Collection entries
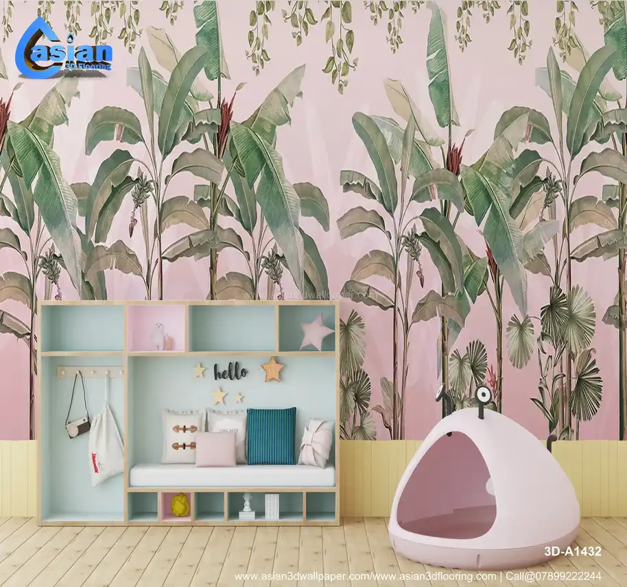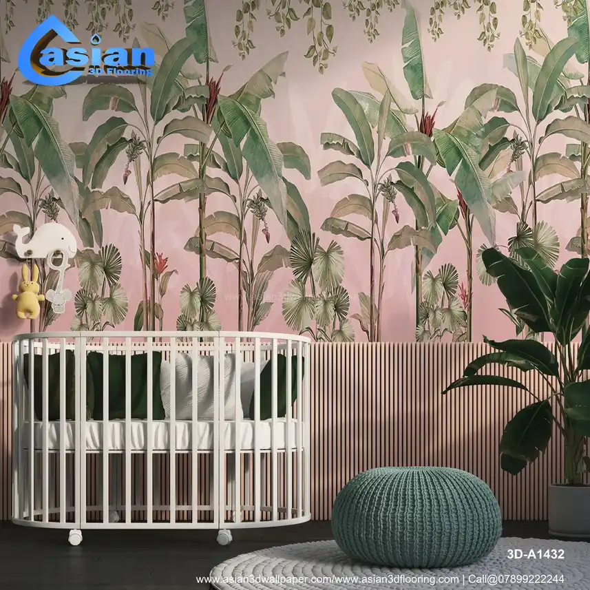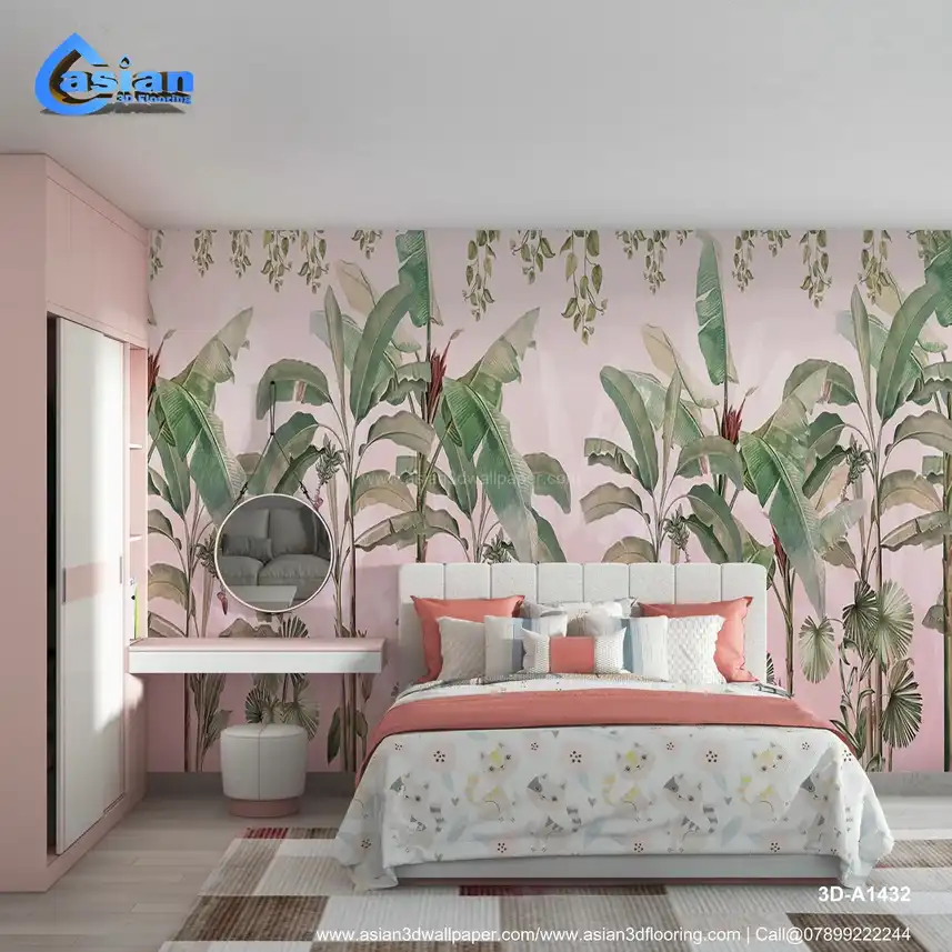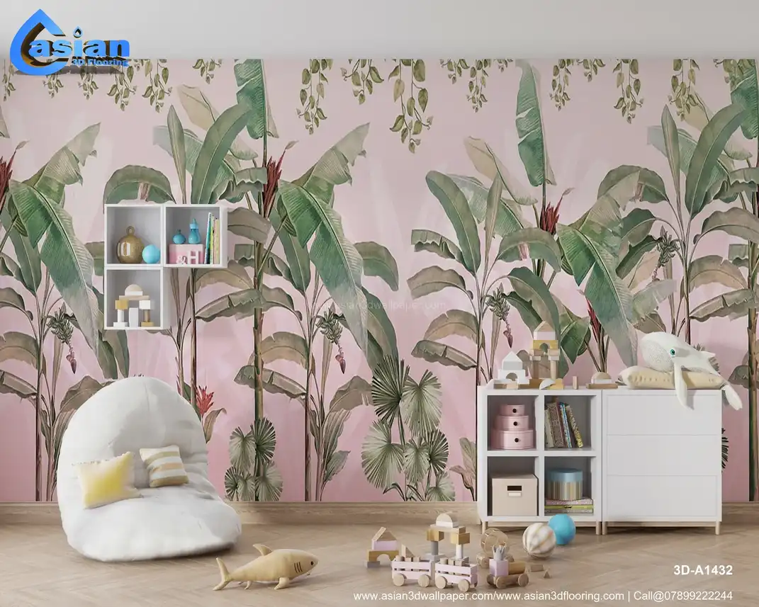 This stunning tropical wall mural features lush banana leaves and greenery set against a soft pink background. The intricate foliage brings the beauty of the tropics into your space, creating a calm, refreshing ambiance. Ideal for living rooms, bedrooms, or even offices, this wall mural adds a touch of nature?s tranquility to any room. The blend of vibrant greens with the soft pink backdrop brings a warm, tropical feel to your home or workspace. Benefits:- Adds a refreshing tropical vibe with its lush foliage and calming pink backdrop, ideal for creating a relaxing, nature-inspired ambiance.
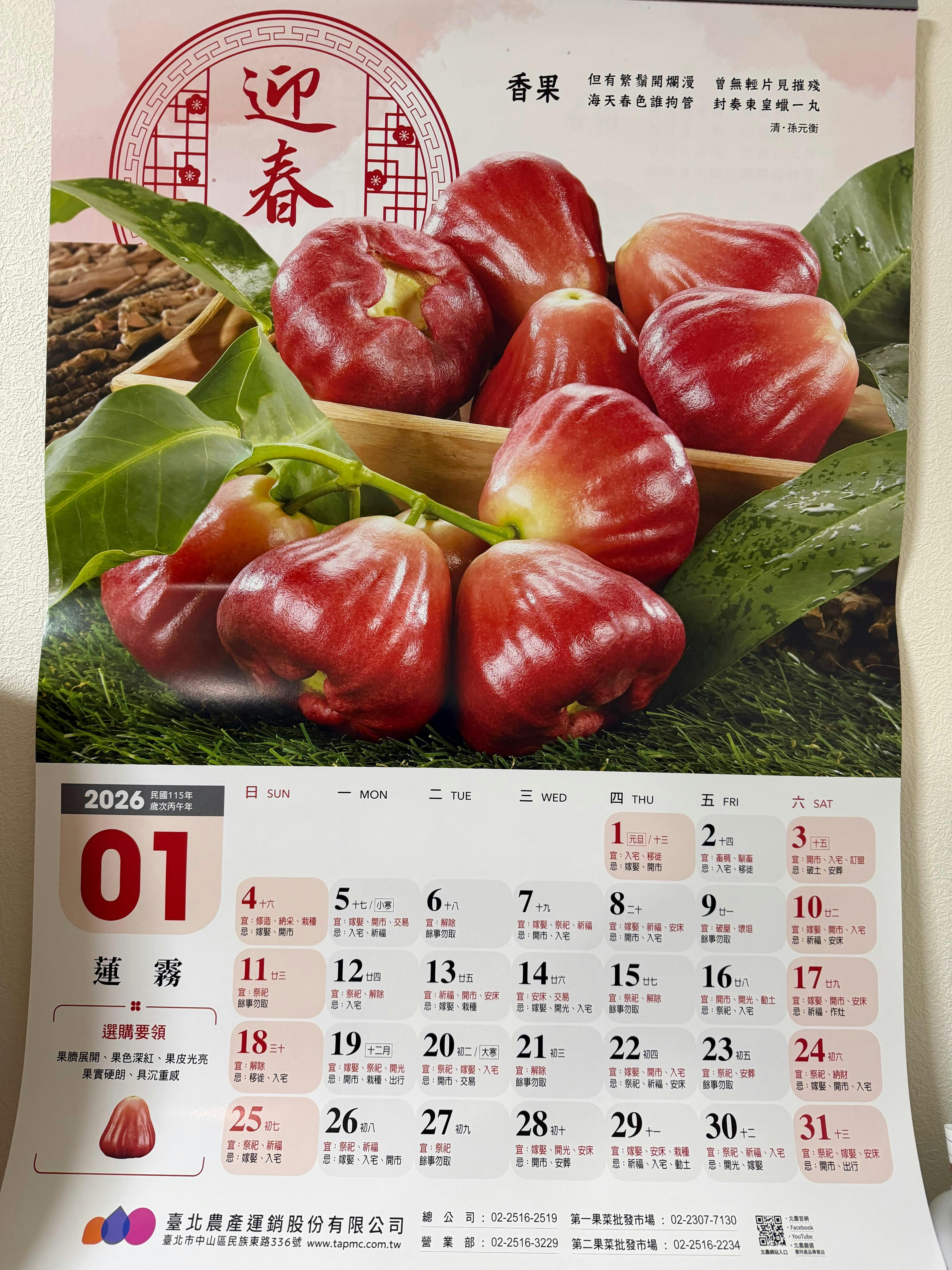 台湾はフルーツの楽園。温暖な気候に恵まれ、一年を通して日本ではなかなかお目にかかれない果物が豊かに実ります。そんな台湾の魅力を丸ごと楽しめるのが、台湾果物取扱量No.1を誇る「台北農產運銷公司」より発売された2026年版カレンダーです。
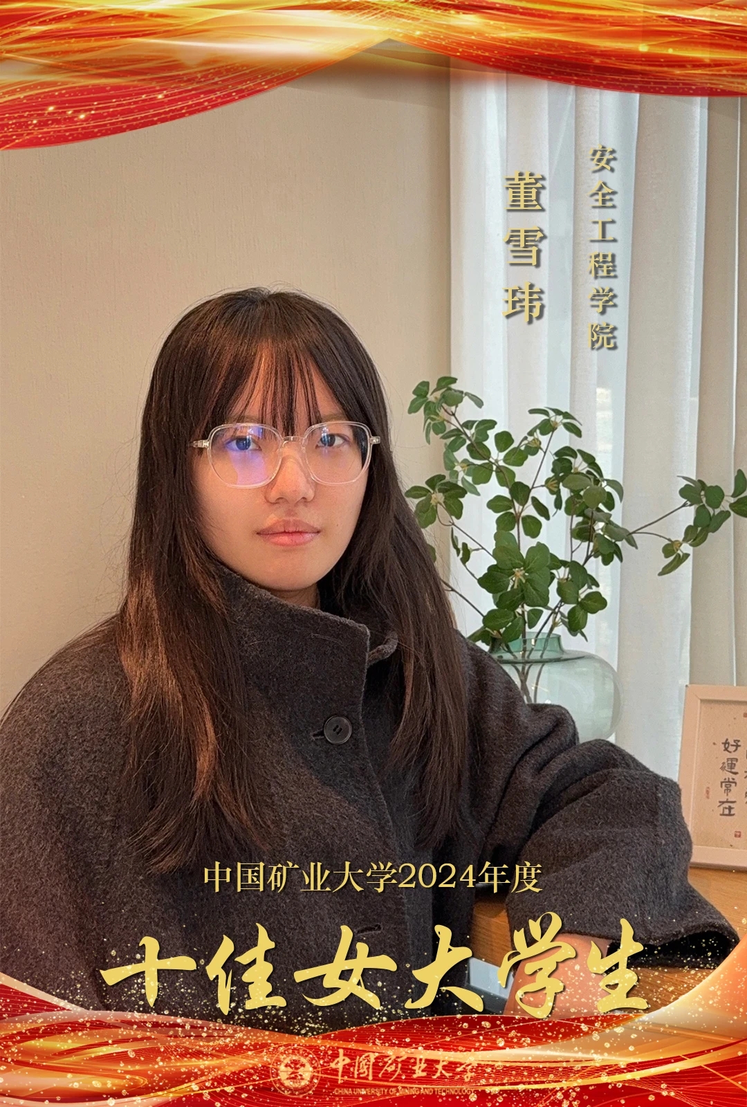 董雪玮,女,汉族,共青团员,安全工程专业2023级5班,先后获得国家奖学金、第二十一届五一数学建模竞赛二等奖、校高等数学学习之星、校十佳女大学生、校优秀学生干部、山东省济南市长清区青鸟计划“优秀志愿者”等荣誉称号。
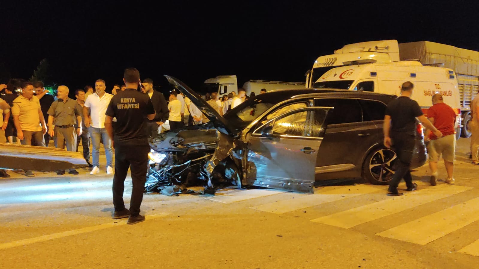 Çarpışmanın etkisiyle 42 plakalı otomobil trafik yön levhalara da çarparak yolun karşı şeridine geçerek durabildi. Kazada araç sürücüleri ile araçlarda yolcu olarak bulunan H. D. yaralandı.
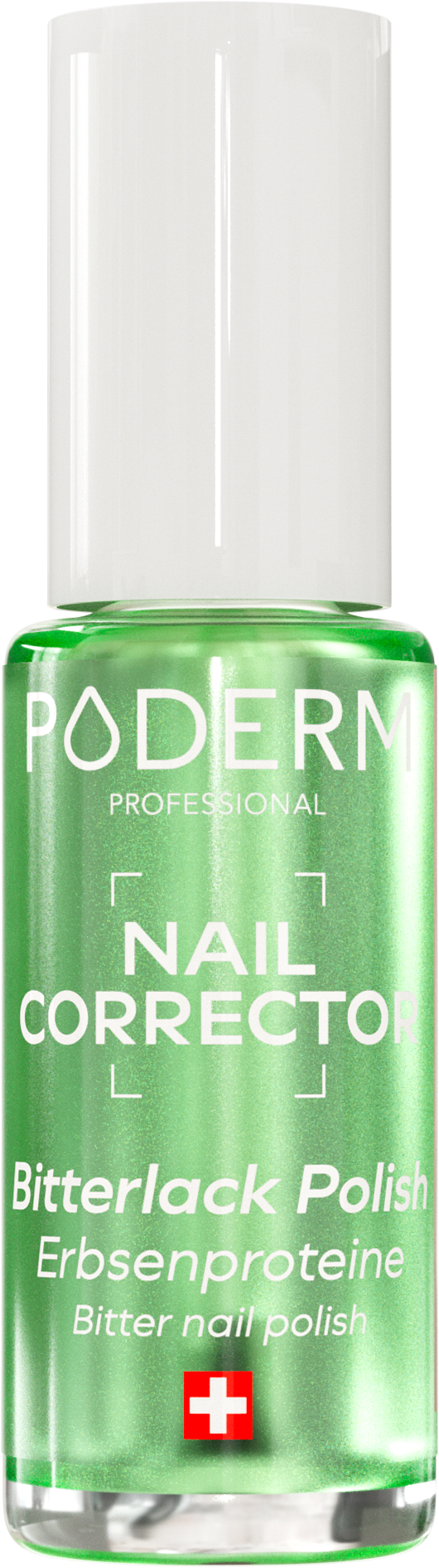 Entdecken Sie den Nagellack Nail Corrector - Bitterlack Polish Erbsenproteine PODERM®, einen pflegenden Nagellack für nägelkauende Nägel, der dabei hilft, die Häufigkeit des Nägelkauens bereits ab der ersten Anwendung zu reduzieren. Sein bitterer Geschmack wirkt abschreckend und hilft, den Drang zum Nägelkauen zu bremsen, um den täglichen Gewohnheitswechsel zu unterstützen.
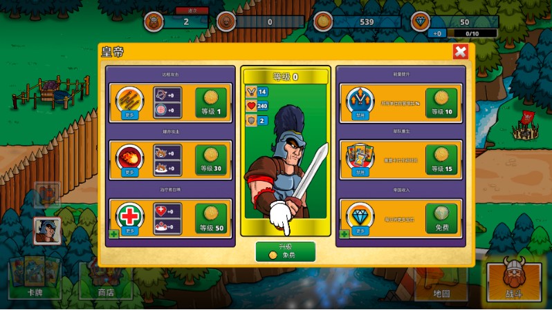 1、自由卡组搭配:躲过50种卡牌自由组合,像火焰塔、陷阱、弓箭手等功能各异,玩法丰富。
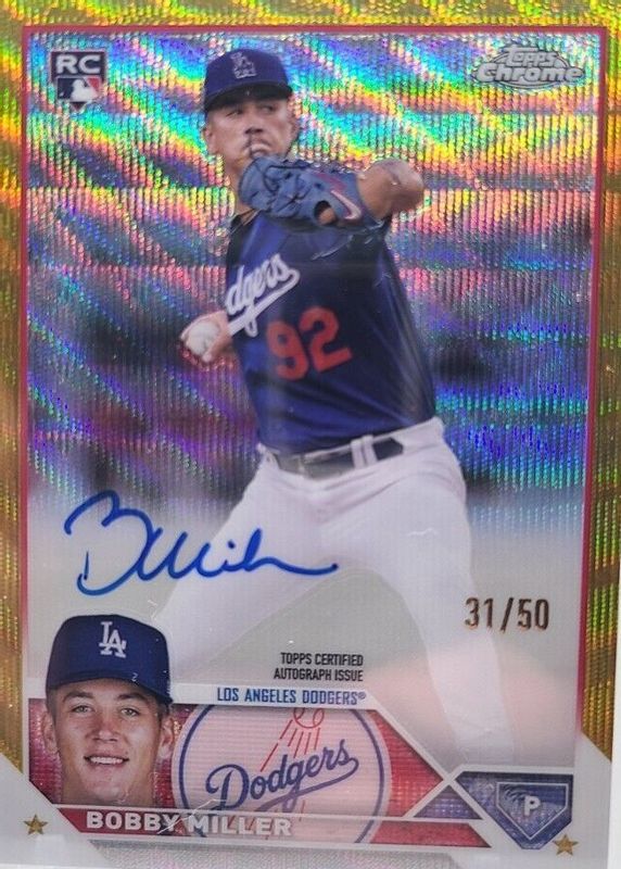 The Bobby Miller 2023 Topps Chrome Update #RA-BM Autographs - Gold Wave Refractor /50 Rookie card in Raw condition has not changed in price in the last 30 days and was last sold for $147.50 .
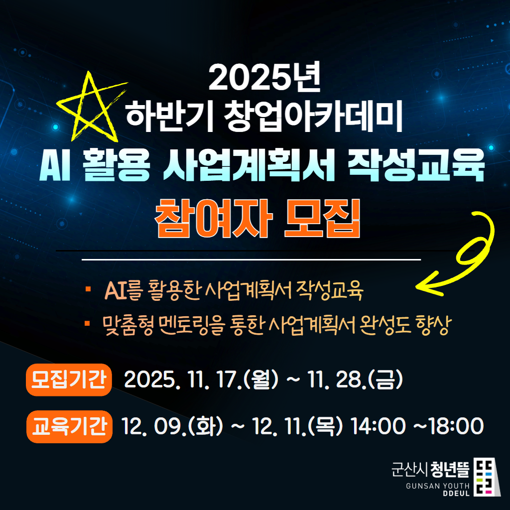 ❍ 교 육 명: 2025년 하반기 창업아카데미 'AI 활용 사업계획서 작성교육'

Requirement:
Retype every entry above exactly and, please, skip the pictures.

Problem solution:
 This stunning tropical wall mural features lush banana leaves and greenery set against a soft pink background. The intricate foliage brings the beauty of the tropics into your space, creating a calm, refreshing ambiance. Ideal for living rooms, bedrooms, or even offices, this wall mural adds a touch of nature?s tranquility to any room. The blend of vibrant greens with the soft pink backdrop brings a warm, tropical feel to your home or workspace. Benefits:- Adds a refreshing tropical vibe with its lush foliage and calming pink backdrop, ideal for creating a relaxing, nature-inspired ambiance.
 台湾はフルーツの楽園。温暖な気候に恵まれ、一年を通して日本ではなかなかお目にかかれない果物が豊かに実ります。そんな台湾の魅力を丸ごと楽しめるのが、台湾果物取扱量No.1を誇る「台北農產運銷公司」より発売された2026年版カレンダーです。
 董雪玮,女,汉族,共青团员,安全工程专业2023级5班,先后获得国家奖学金、第二十一届五一数学建模竞赛二等奖、校高等数学学习之星、校十佳女大学生、校优秀学生干部、山东省济南市长清区青鸟计划“优秀志愿者”等荣誉称号。
 Çarpışmanın etkisiyle 42 plakalı otomobil trafik yön levhalara da çarparak yolun karşı şeridine geçerek durabildi. Kazada araç sürücüleri ile araçlarda yolcu olarak bulunan H. D. yaralandı.
 Entdecken Sie den Nagellack Nail Corrector - Bitterlack Polish Erbsenproteine PODERM®, einen pflegenden Nagellack für nägelkauende Nägel, der dabei hilft, die Häufigkeit des Nägelkauens bereits ab der ersten Anwendung zu reduzieren. Sein bitterer Geschmack wirkt abschreckend und hilft, den Drang zum Nägelkauen zu bremsen, um den täglichen Gewohnheitswechsel zu unterstützen.
 1、自由卡组搭配:躲过50种卡牌自由组合,像火焰塔、陷阱、弓箭手等功能各异,玩法丰富。
 The Bobby Miller 2023 Topps Chrome Update #RA-BM Autographs - Gold Wave Refractor /50 Rookie card in Raw condition has not changed in price in the last 30 days and was last sold for $147.50 .
 ❍ 교 육 명: 2025년 하반기 창업아카데미 'AI 활용 사업계획서 작성교육'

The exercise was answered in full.